We finally leave the club and get back to the hotel at 4 a.m. Our wake-up call is for 6 in the morning, at which point we haul our exhausted asses and increasingly cumbersome gear back to the Portland airport and board a flight to Ontario, California.
Saturday, 12 noon We arrive at the Ontario airport, but there's no one to pick us up and drive us to the venue in San Bernardino, some 40 miles away. Z-Trip is frantically calling the promoters. He walks out of the terminal and looks at his watch, realizing he'll soon be due on the second stage of the Smokeout. Eventually, an obliging promoter rings back and tells us to call the Radisson Hotel in San Bernardino who'll send a van to get us. We end up at the airport for two hours waiting for the ride. On the drive over, we pass a highway billboard for Starburst candy that depicts a young DJ spinning large slices of fruit -- the turntablist's place in pop culture cemented in a single capitalistic snapshot.
At the hotel, we wait impatiently for another ride, this one to the venue. Z-Trip is supposed to play in between the main stage acts for the first third of the day, but by the time we've made it to the hotel, the show's been going on for a couple hours. Z-Trip assumes that the slots have been switched, with DJ Swamp (Beck's DJ) holding the early shift and Tony Touch, the third main-stage DJ, taking the evening shift. Eventually, a Chevy Rambler stretch limousine shows up, and we're carted off to DJ Hell.
Saturday, 2:30 p.m. Inside the backstage gate of the National Orange Show Fairgrounds, no one knows where we're supposed to go, and it's not easy to go anywhere while carting around several hundred pounds of records and equipment. We're told the DJs are playing in the sound tower situated in the middle of the 50,000-plus crowd. Enlisting a couple workers to grab record crates, we head down a narrow cable-strewn corridor in the center of the crowd, blocked off by barricades and guarded by security hacks every five feet. When we reach the tower, we're directed to an empty plank one level off the ground. The space is completely empty. There's nothing in it except for a bit of leftover pyrotechnic equipment -- no power, no turntables, no monitors, nothing.

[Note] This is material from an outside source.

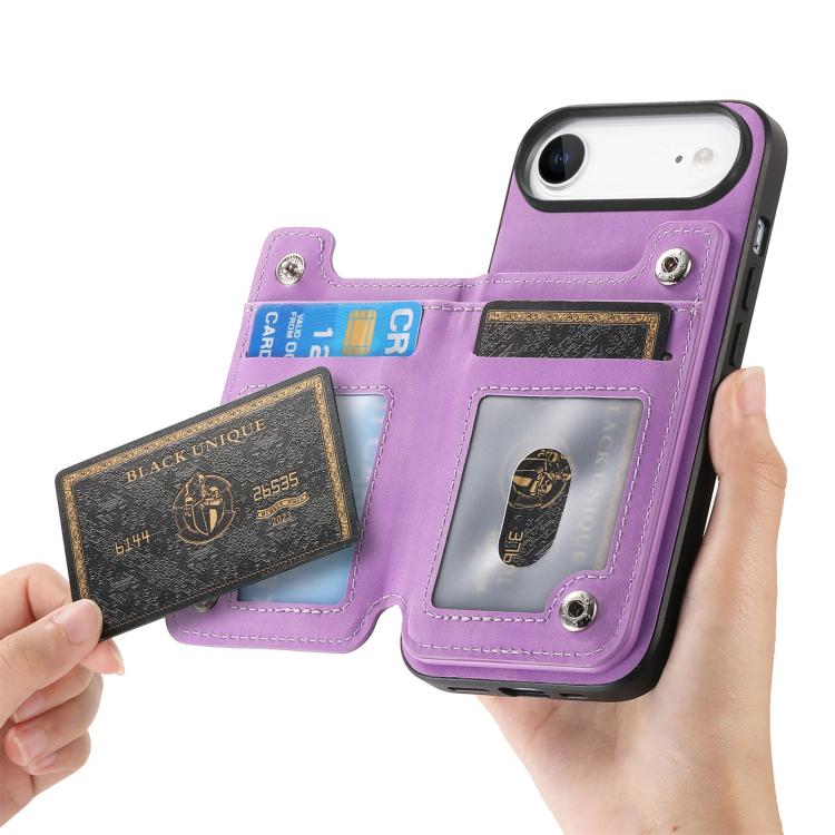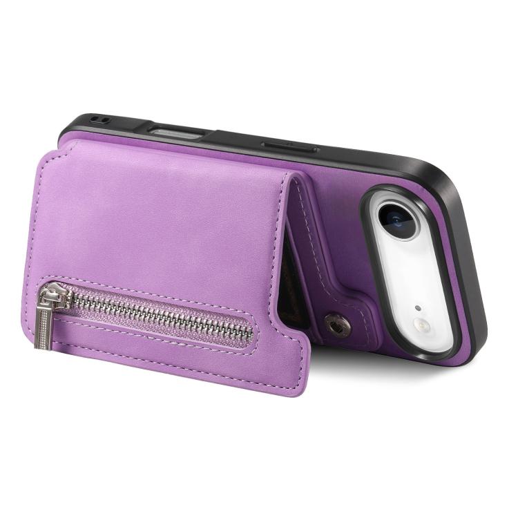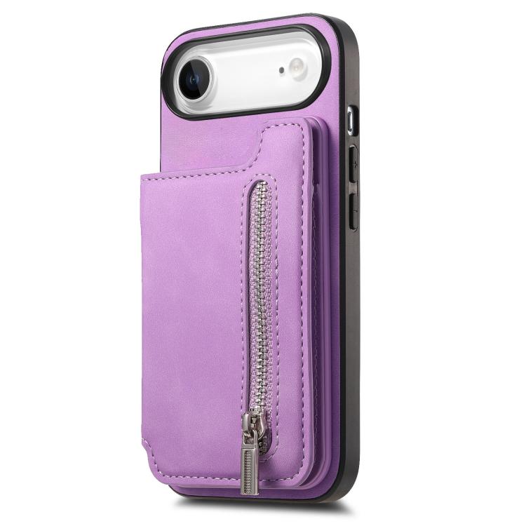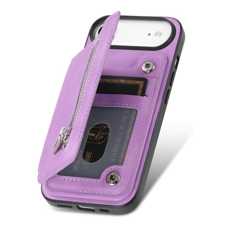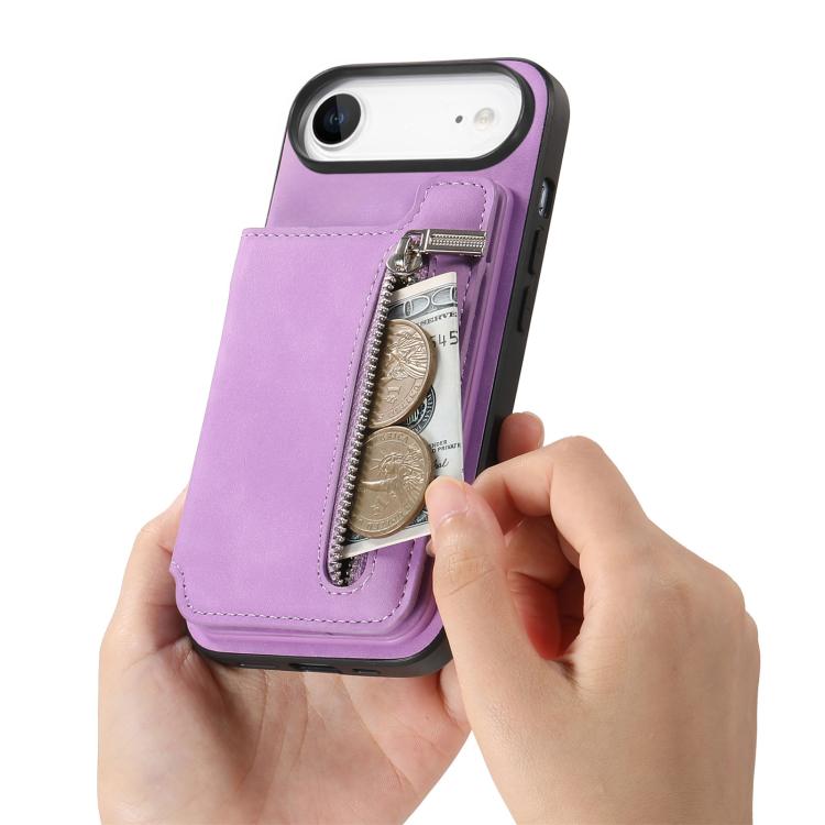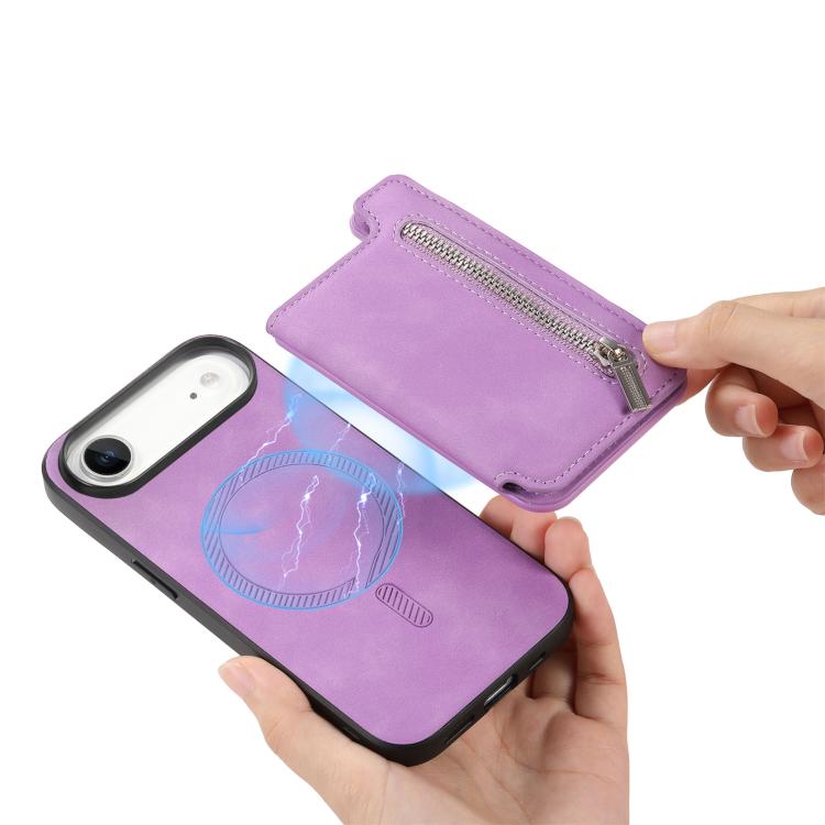 Funda trasera para iPhone Air Retro MagSafe con cremallera, tarjetero y bolsillo para tarjetas (morado)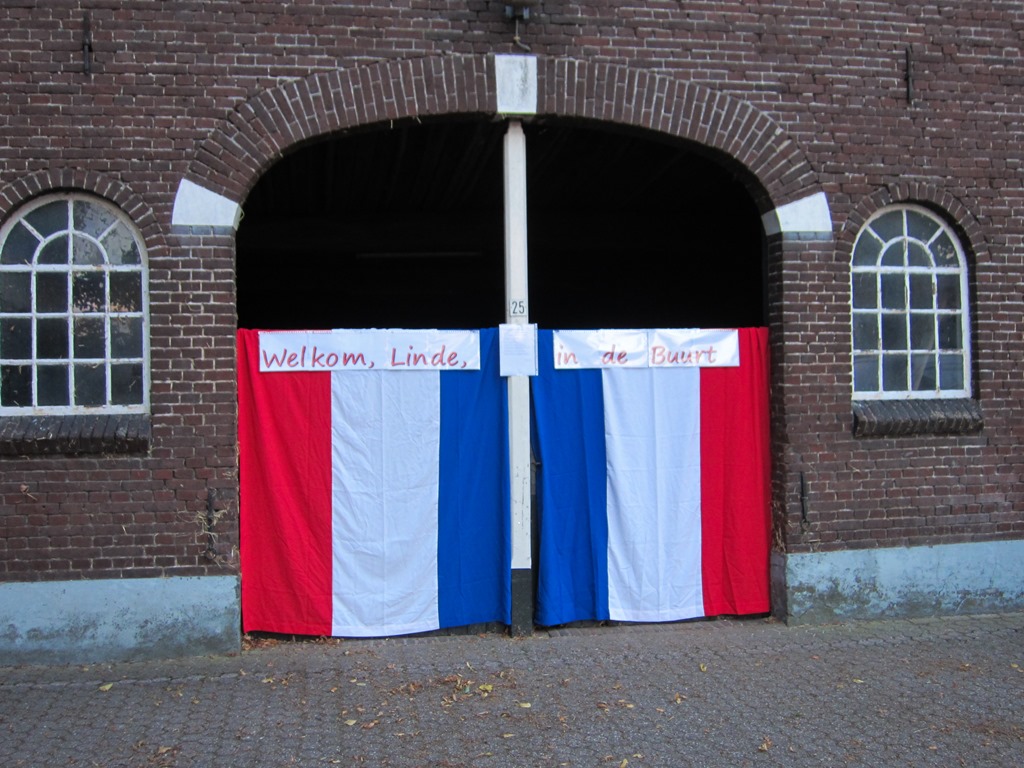 The text reads Welkom, Linde, in de Buurt (Welcome, Linde, into the Neighbourhood).

Apparently, there's been no main-stage DJ thus far, no sign of Swamp anywhere.
Immediately, Z-Trip decides the location won't work and directs one of the staff members to call the stage manager and tell him "no fucking way, it's gotta be on the main stage." This time there's no one to help haul the gear back through the crowd, so Z-Trip loads the two record crates and mixer onto his mini-dolly, I hoist a record bag on each shoulder, plus backpack, with my hands clutching the shoebox containing the sub-mixer as we navigate back toward the main stage. Z-Trip's pulling the dolly, but since we're going over cables and the legs of the barricades, I've gotta keep one hand on the crates as they wobble back and forth. We're almost to the stage stairs when the inevitable happens -- the crates tip and crash. They're heavy duty, so it's not disastrous, but it draws a frustrated "Fuck!" from Z-Trip. We carry the gear up the stairs up onto the main stage and pile them up behind a stack of monitors. I'm asked to guard the items with my life while Z-Trip finds the stage manager and attempts to figure out what's going on.